The other three tracks hold the real heart of the album - the contrasts between the assaulting “Shit Mirror” moving through to the crooning of “God Break Down the Door” and the underground club-worthy beats of "Over and Out". This final song takes up eight minutes to complete, a conceptual epic itself within a conceptual monster of an album. This kind of multi-sectioned craziness is what defines the album as a whole, dark and chaotic like the real world. Reznor literally repeats that “time is running out,” because he thinks the apocalypse is just around the corner. Brutal honesty, especially following the Bush-era political stance of Year Zero (2007), is an unmissable feature throughout Reznor’s music, allowing the listener to easily be affected and moved by his compositions. As stated in the single “God Break Down the Door”, the search for answers of this world is over: "you won’t find the answers here, not the ones you came looking for.” This bleak pessimism is the end goal here; Reznor has confirmed this himself. For fans of Nine Inch Nails, an unhappy ending is quite welcomed, and anything else from them would have been very shocking.

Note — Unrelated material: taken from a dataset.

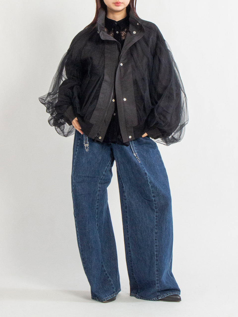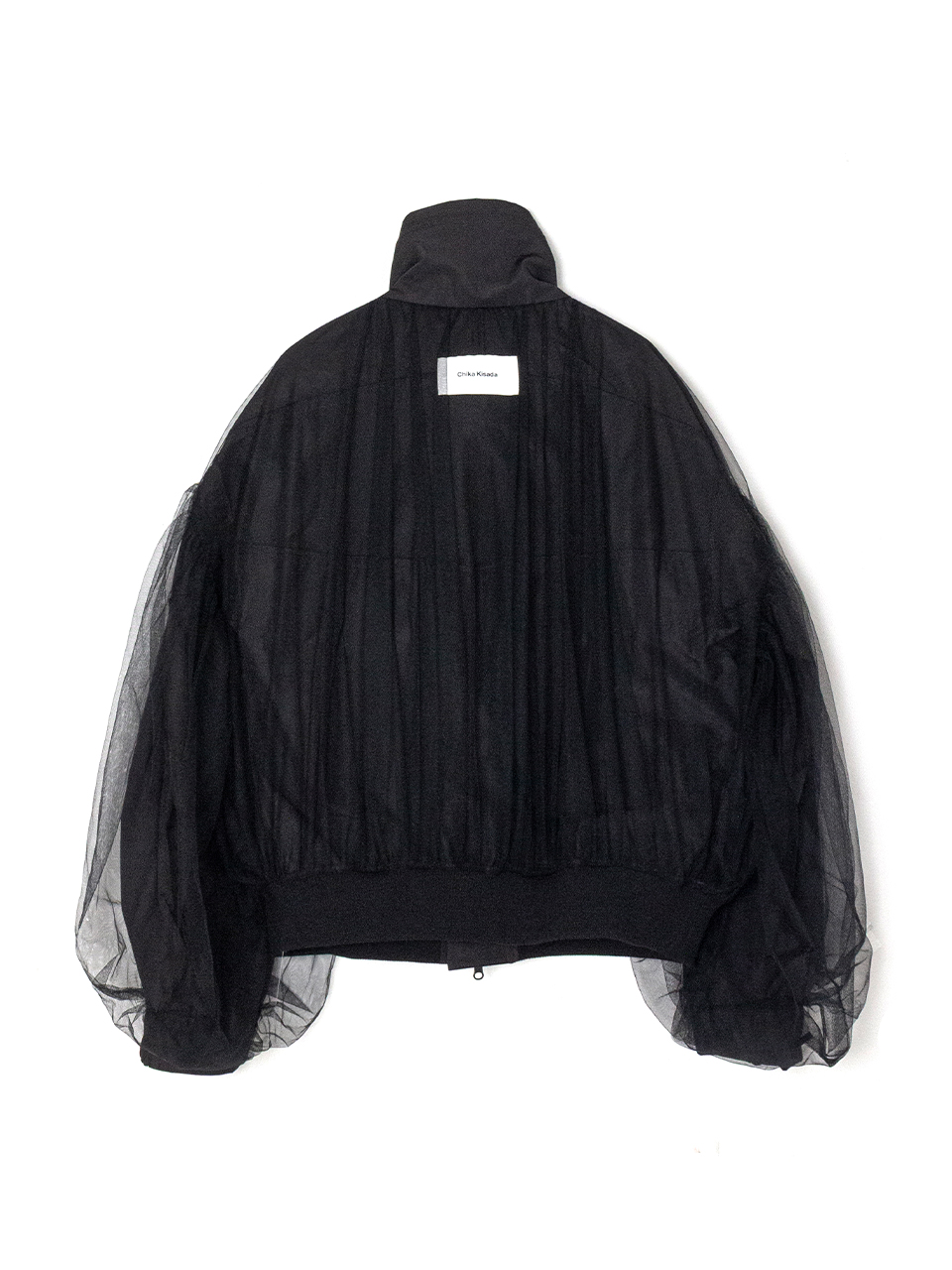 リバーシブル使用のブルゾン。表側はマットなポリエステル素材、裏側は繊細なチュール生地で軽やかな透け感。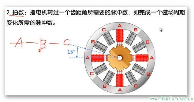 拍數:這句話是什么意思呢?比如說像這個A線圈4個線圈通電了,就要吸引它,那么我B線圈通電了(當然A線圈這個時候已經斷電),B線圈又吸引它,那么它就要轉一個齒(一個角度,15度),當這個B線圈通完電呢,C線圈又通電,通電就吸引它,那么它又轉一個角度,最后呢,它就是A線圈、B線圈、C線圈通完電之后,它又是下一個A線圈、B線圈、C線圈通完電之后,又是下一個ABC線圈通電之后,有最后一個ABC線圈通完電就是一個磁場周期,那么他需要的脈沖數呢就是ABC三個脈沖。

A series of EPs is always challenging and usually frowned upon in the musical world. The inability to produce an album usually indicates a deviation, a kind of occasionally fun experiment that is not part of the artists’ official canon. Though marketed as an album, Bad Witch is clearly supposed to be an EP at a length of 30 minutes. However, Trent had always had such a clear and singular vision with his music that despite the odd format the band still hits huge successes here. As well, if he had made us wait until 2018 to release an album, we probably would have less music than the sum of the three EPs. The arc presented in this EP cycle could not fit the singular scope of an album, it had to be processed over time. The results were changed by letting the music speak and pass with time, in a way even Reznor could not predict. In short, it is all a matter of the deep human input from Reznor and collaborator Atticus Ross. And with the current state of things, it’s hard to imagine real human connection without the dark, intense feelings that seem to be occurring in our everyday routine. I applaud their work, knowing it exists at the fullest creative capacity of the two men who created it.